REVIEW: The Day The Earth Stood Still

Saturday, December 13 by

I was listening to an episode of This American Life where the break down step-by-step what has happened in the financial markets over the past few months that has made hoards of analysts and traders literally shit their pants. Check it out, it’s mind blowing. The idea that our markets would just freeze up and stop working is something that trusted names in economics are saying is a reality.  The consequences would be disastrous. Companies would stop making stuff. Millions of people would lose their jobs.  Industrial food production would grind to a halt. We could potentially see a mini-apocalypse as chaos spread around the globe.  And what brought on end of days? Terrorists? Nuclear mutual annihilation? Plague? Nope: friggin home loans.

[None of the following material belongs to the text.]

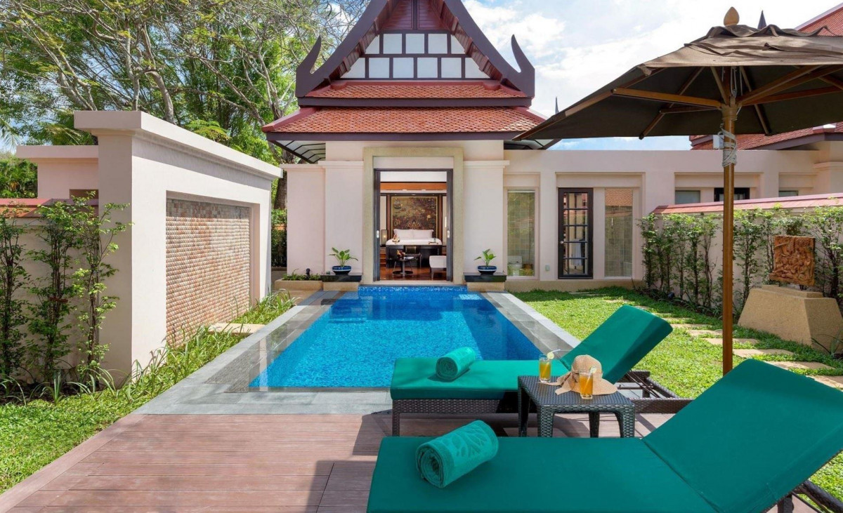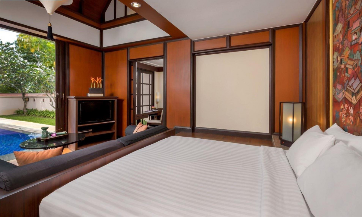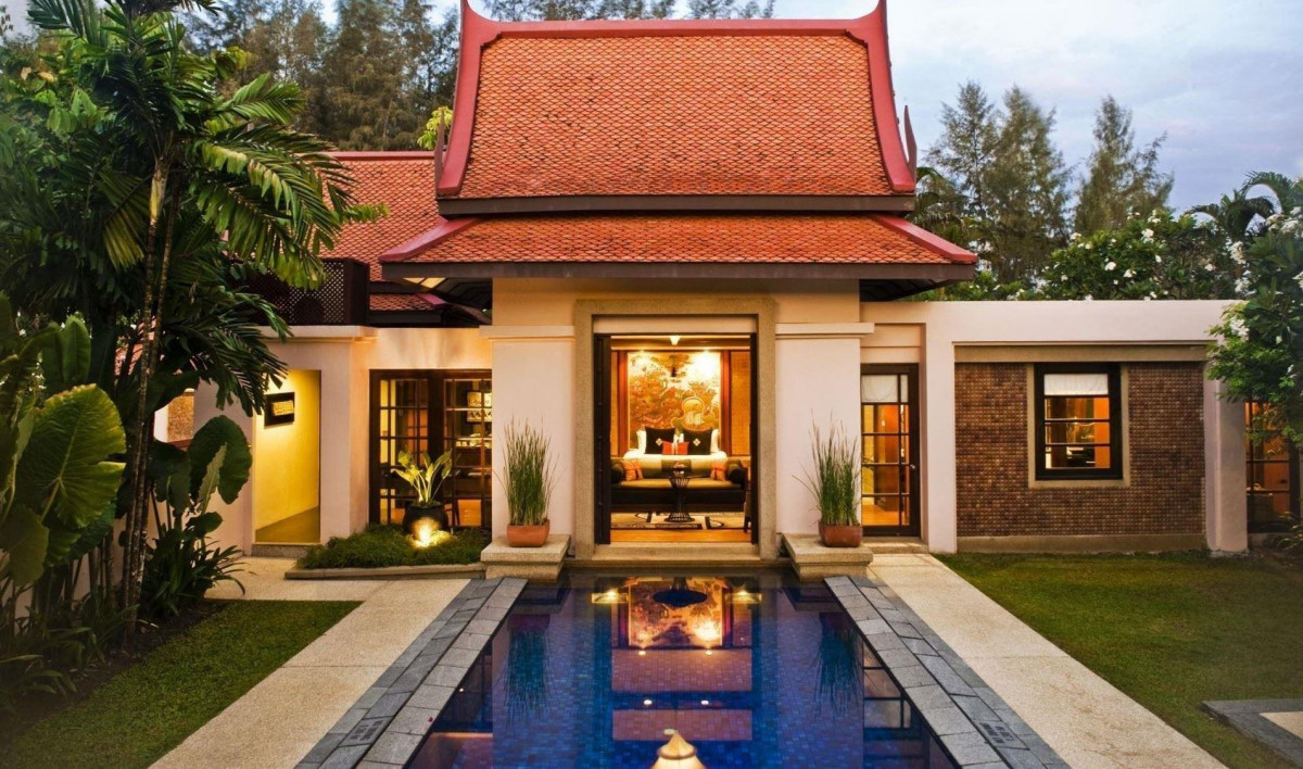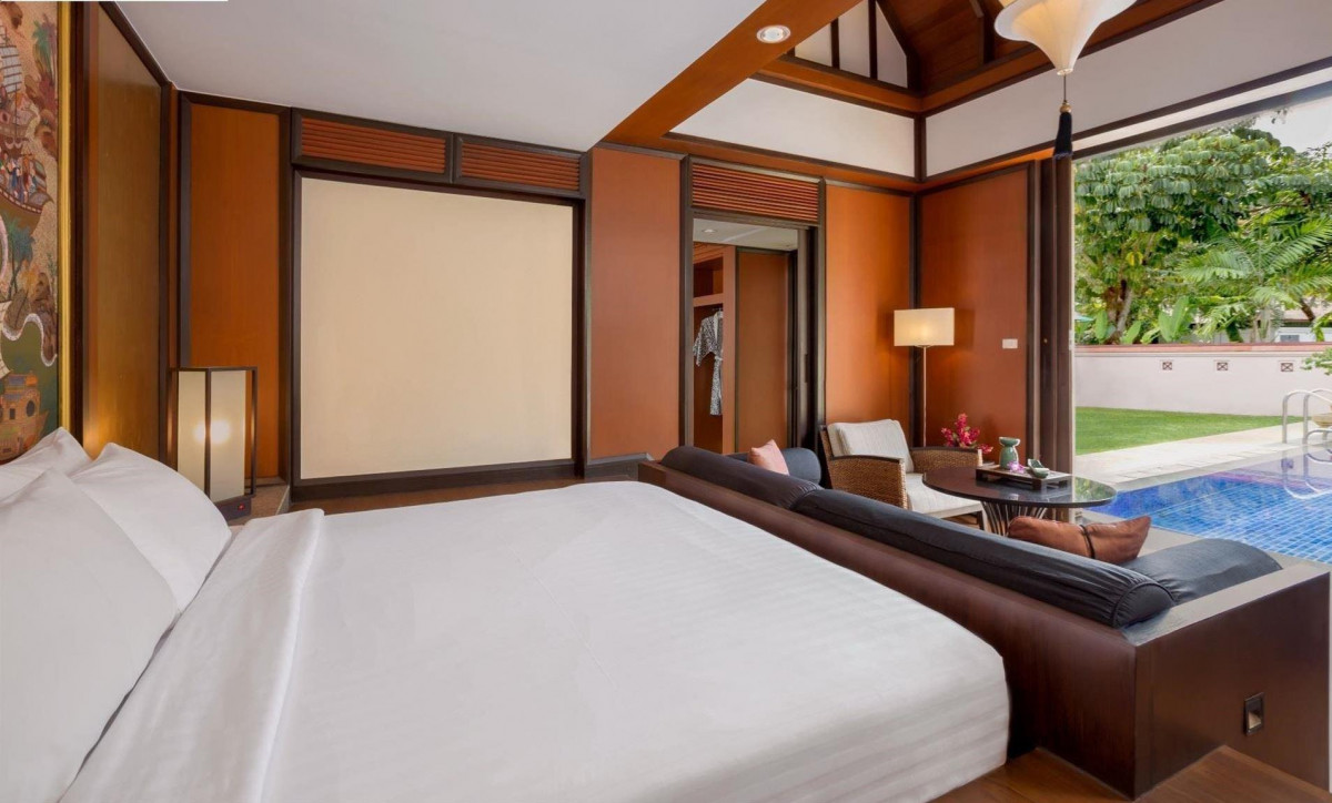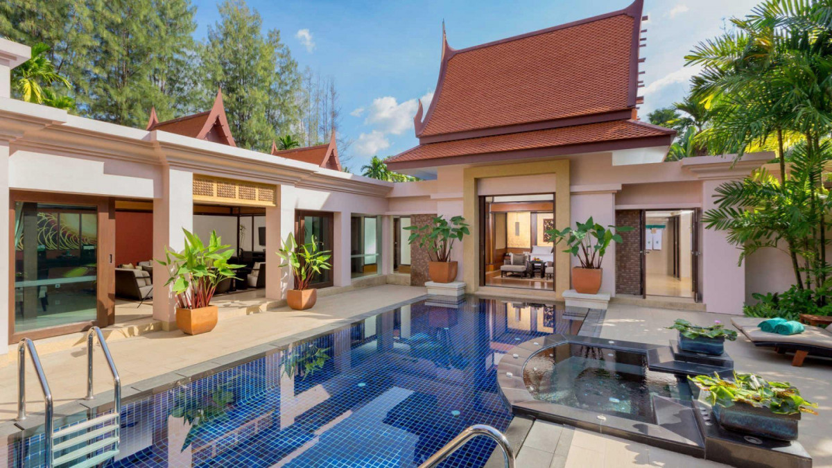В 22 км от аэропорта, в 21 км от центра бухты Патонг, на западном побережье острова Пхукет, в бухте Bang Tao, рядом с полями для гольфа

Anyway, my point is this. It confuses the shit out of people that our economy could be ground to a halt by a few assholes on Wall Street getting together and betting on bad house debt. And I’m just going to throw it out there that one of the reasons that its so confusing is that we have not made a movie about it. The Day The Earth Stood Still is yet another movie in the vein of near misses in a head on with the Apocalypse that helps keep us all ready for the big one.  It has the same sensibility as The Day After Tomorrow. But this time, it’s wrapped in a moral lesson: if you don’t start hugging trees in exactly 72 minutes, the aliens are going to come in giant novelty lightning ball ships and take it all away from you, because you didn’t treat it right. A plant is privilege, not a right.  It’s basically Deep Impact meets Independence Day meets Fern Gully. But with Neo from the Matrix

Al Gore would TOTALLY approve of the message, if it weren’t expressed in such atrociously expositional dialogue. The first hour of the movie consists of conversations that fill in everything you need to know, but don’t really need to know because you’ve seen every single character before in 19 other movies.  Some of the dialogue is so forced that it makes you giggle a little bit. Kathy Bates is a bizarre choice for her role as Secretary of State—both hard to look at and hard to hear talk. The only positive part of the movie comes in the form of a plague of nanobot locusts that tear shit up for a while.

Like all of these types of movies the ultimate resolve is somehow contingent on an emotional decision.  Saving the plant becomes a matter of loving a child, or finding a spouse. In this case it’s about convincing Keanu that the human race is worth loving.  I agree. It totally is. But unfortunately, this movie isn’t.